My shark tale
My first encounter with sharks was when I was about 8 years old, fishing on a coastal dock in the midafternoon summer sun. I hadn’t caught anything and was feeling rather hot; thus, I considered giving up on fishing and jumping into the beckoning river. As I reeled in my line, a shark surfaced, circled my line several times and went back under. Needless to say, I did not take a cool, refreshing swim that day. Subsequently, sharks were forever floating somewhere in my imagination during my “water happy” days of growing up.
Some years later, Jaws hit the silver screen, and my teenage friends and I would often act out the famous opening scene, pretending to be pulled under water by some unseen shark. I had one friend, Anne, who refused to wade in past her calves after the trauma of Jaws kidnapped her love of swimming. She would yell from the shallow water for us to quit re-enacting that wretched scene; otherwise, she said, we might be fighting off a shark without her knowing it was real.
Once I started scuba diving, I would catch myself breathing more rapidly when the small 5-foot reef sharks would sashay by and those haunting two notes from the Jaws song would play through my mind.
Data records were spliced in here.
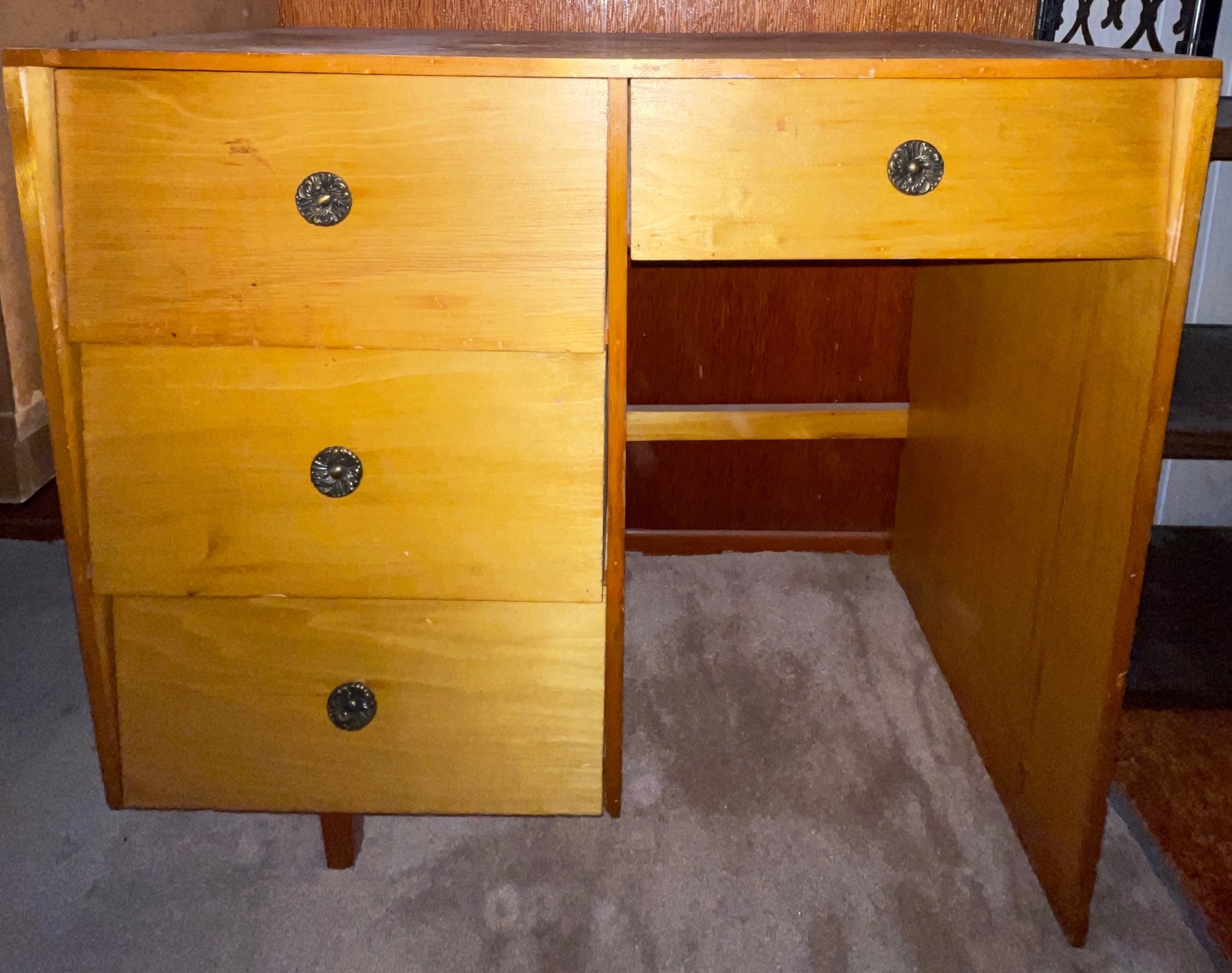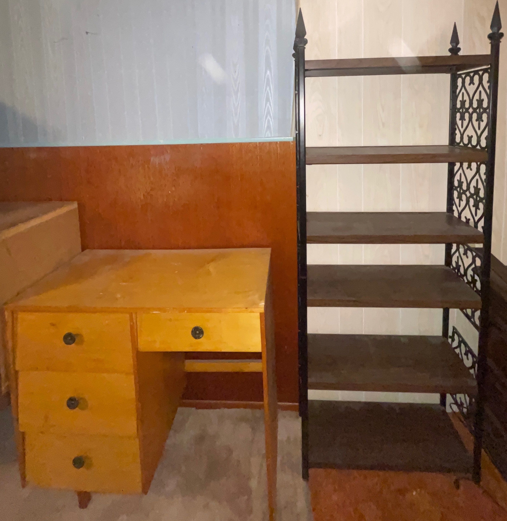 Vintage MidEvil Like Shellvin unit w/ small wooden desk (Not Too heavy)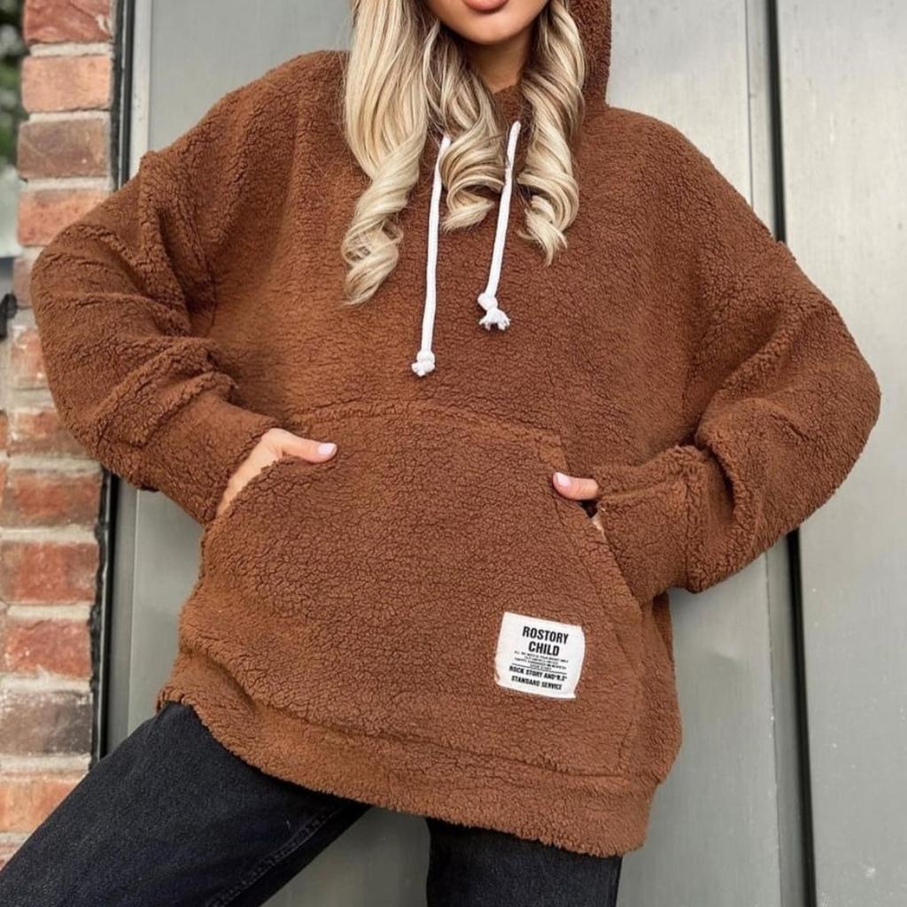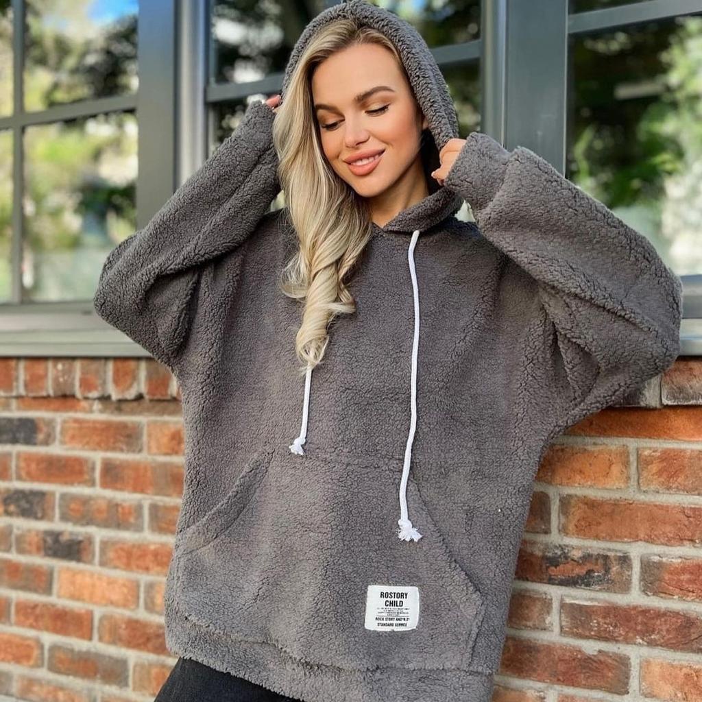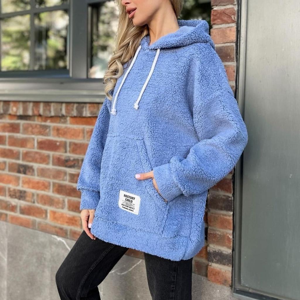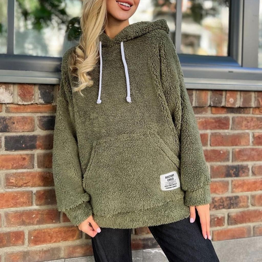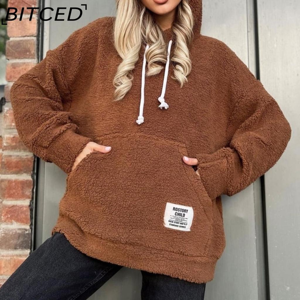 BITCED Фланелевой свободный пуловер с капюшоном и длинными рукавами, флисовая толстовка с капюшоном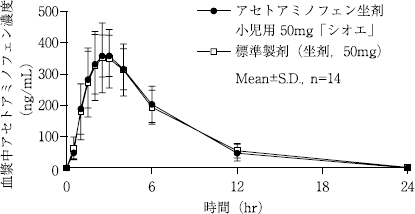 儿童对乙酰氨基酚的抑制 50mg“ Shio” | 2583.5±592.1 | 383.8±81.1 | 2.6±0.5 | 3.0±0.6 |

Once the shark was out of sight, I could relax again. The turning point for overcoming this gnawing fear was scuba diving with Henry on an organized shark feed. To say I was coerced is an understatement; however, I did say yes.
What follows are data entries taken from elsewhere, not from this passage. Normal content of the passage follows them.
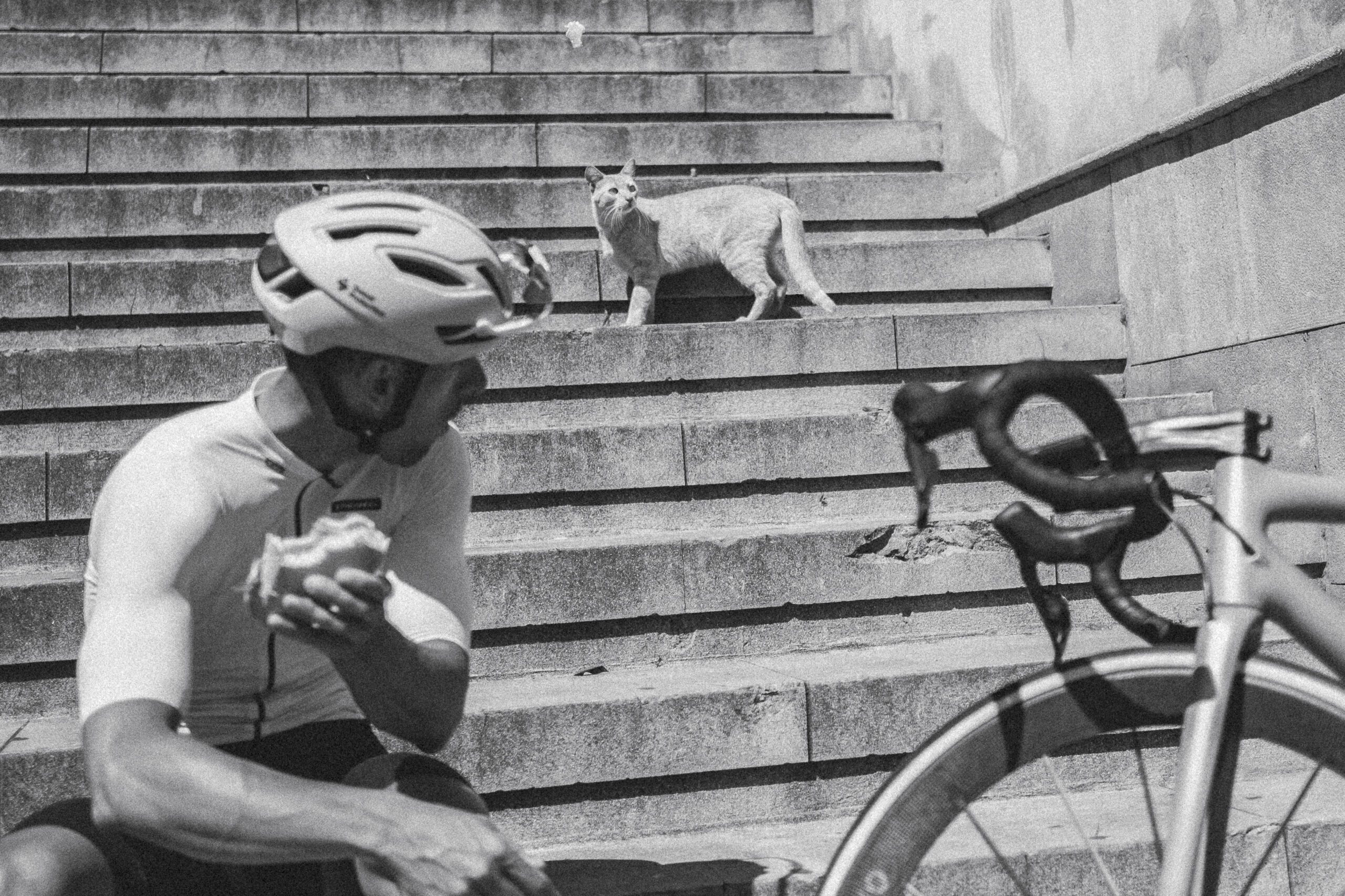 Parada larga de 20 minutos para reponer fuerzas. "Tenía los pies recalentados y ya superábamos los 30 grados" destaca Dani Sanz. Entre bares llenos a rebosar y el tiempo que no quería perder, supermercado y bocadillo improvisado de jamón.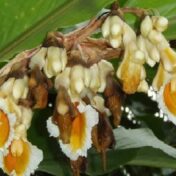 Klasifikasi : Kingdom: Plantae Divisi: Magnoliophyta Kelas: Liliopsida Ordo: Zingiberales Famili: Zingiberaceae Genus: Alpinia Spesies: Alpinia luteocarpa Elmer. Kegunaan : Rimpang berkhasiat untuk obat gangguan pencernaan Deskripsi: Alpinia luteocarpa adalah tanaman yang tumbuh dalam bentuk semak atau herbaceous yang bisa mencapai ketinggian sekitar 1,5 hingga 2 meter. Daun-daunnya berbentuk daun pisang dengan ujung meruncing dan permukaan yang mengkilap. Daunnya besar… Read more »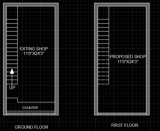 The plan is of a shop of size 12'6"x 25'6" in which two floors are provided. on first floor main counter is placed and second floor is for storage and future expansion. This is south facing plan.
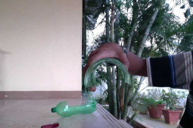 Si no han cortado de la botella correctamente, tome el pedazo sobrante de otra botella que se corta correctamente y grapa firmemente para que el 60% de la botella se cubre para arriba. porque el suelo debe ser alta y lo suficientemente amplia como para sostener la planta.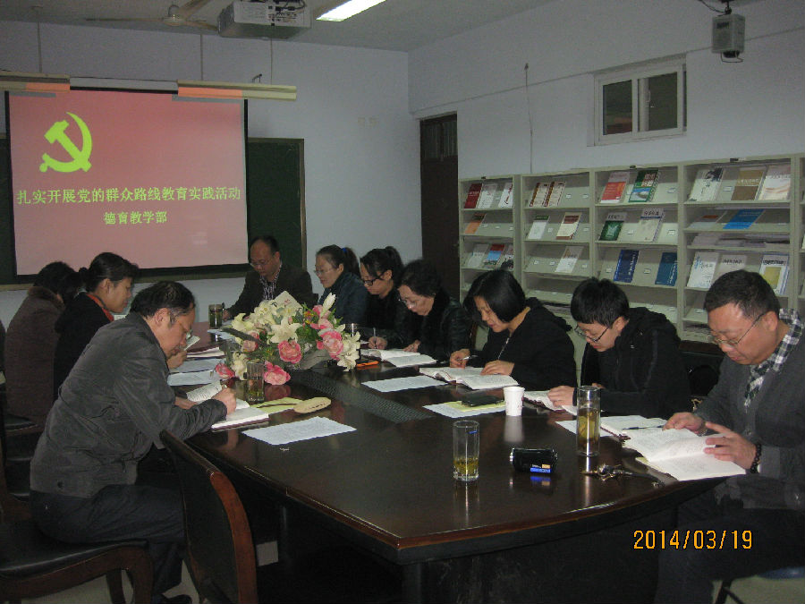 德育教学部党总支要求党员教师,一定要严格按照学校的统一部署,认真学习有关文件,认真抓好教育实践活动三个环节;虚心听取群众意见,分析查摆并解决在“四风”等方面存在的问题,抓好作风建设;加强整改,取得成效,要通过开展教育实践活动,强化党员干部的宗旨意识,履行职责,牢固树立为民、务实、清廉形象。广大党员教师纷纷表示,作为思想政治理论课教师,在教育实践活动中,一方面应将教育实践活动的文件学习与增强政治理论课教学的实效性密切结合起来,另一方面,应将教育实践活动的要求、目的和措施及时融入课堂,引导学生党员更加坚定理想信念,增强对党和政府的信任和信心。

The dive was a shallow 30 feet with several shelves of coral around us. The dive master wired the bait on one coral shelf as we watched from another shelf about 15 feet away. I had no pride in piggybacking on Henry’s scuba tank, peering over his shoulder to observe the sharks as they started to swim in. I was amazed with how methodical they were as they circled, observed and pondered the bait before the mayhem broke loose. As the feeding frenzy started, a membrane of skin covered the shark’s eyes giving the appearance of their eyes rolling backward. Then they thrashed around, consuming every bit of bait wired to the top of the coral. I was spellbound, draining my tank of air. For some reason, seeing how carefully the sharks considered the bait before eating it gave me a great assurance that sharks are not as great a threat as I had imagined.
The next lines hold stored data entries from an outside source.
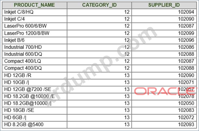 CATEGORY_ID 열의 값이 12 또는 13이고, SUPPLIER_ID 열의 값이 102088인 테이블에서 PRODUCT_NAME을 표시해야 합니다.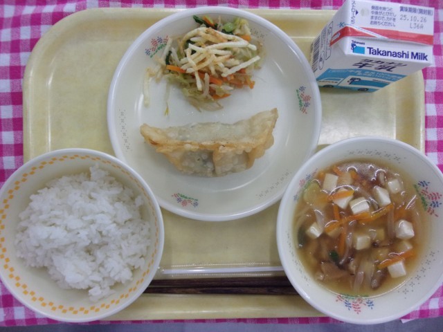 10月21日の給食は、牛乳・ご飯・ジャンボ餃子・じゃがいも入りナムル・春雨スープです。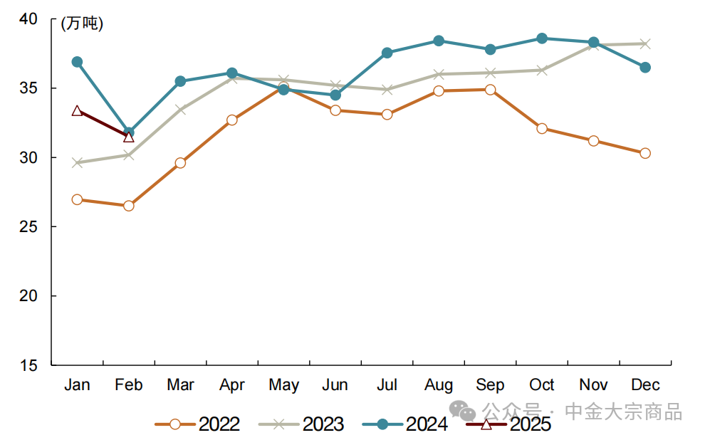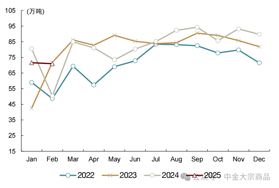 随着2025年21.25美元/吨的长单TC开始执行,中国冶炼厂的亏损压力进一步增加。但年初至今,新投项目爬产推动国内电解铜产量仍创下新高。SMM统计1-2月中国精炼铜产量207.2万吨,同比增长7.9%。我们在去年展望中分析了冶炼端供给韧性超预期的因素,主要包括1)废铜供应增长或部分缓解原料紧张压力;2)硫酸价格处于高位增厚利润;3)金属价格处于高位,超额回收收益与贵金属副产品收益均可观。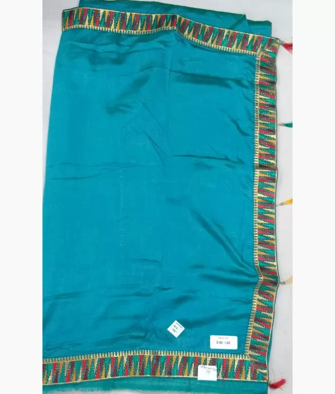 All over plain pallu border designer palton saree. Plain pallu with multicolour border patti and latkans on saree.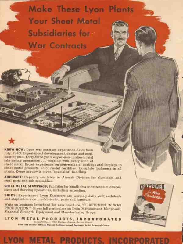lyon metal products inc 1943 sheet metal war contracts ww2 vintage ad

Such was my peace … until I studied the incredible photographs that Jamie Walker took of great whites on page 72. His shots showing the magnificent size and power of these underwater predators instilled a renewed awe of all sharks. Mercifully, great whites rarely venture into our warm Southern waters. Nonetheless, I’ll be found wading in up to my calves this summer, watching braver swimmers from the safety of shallow depths. Happy wading!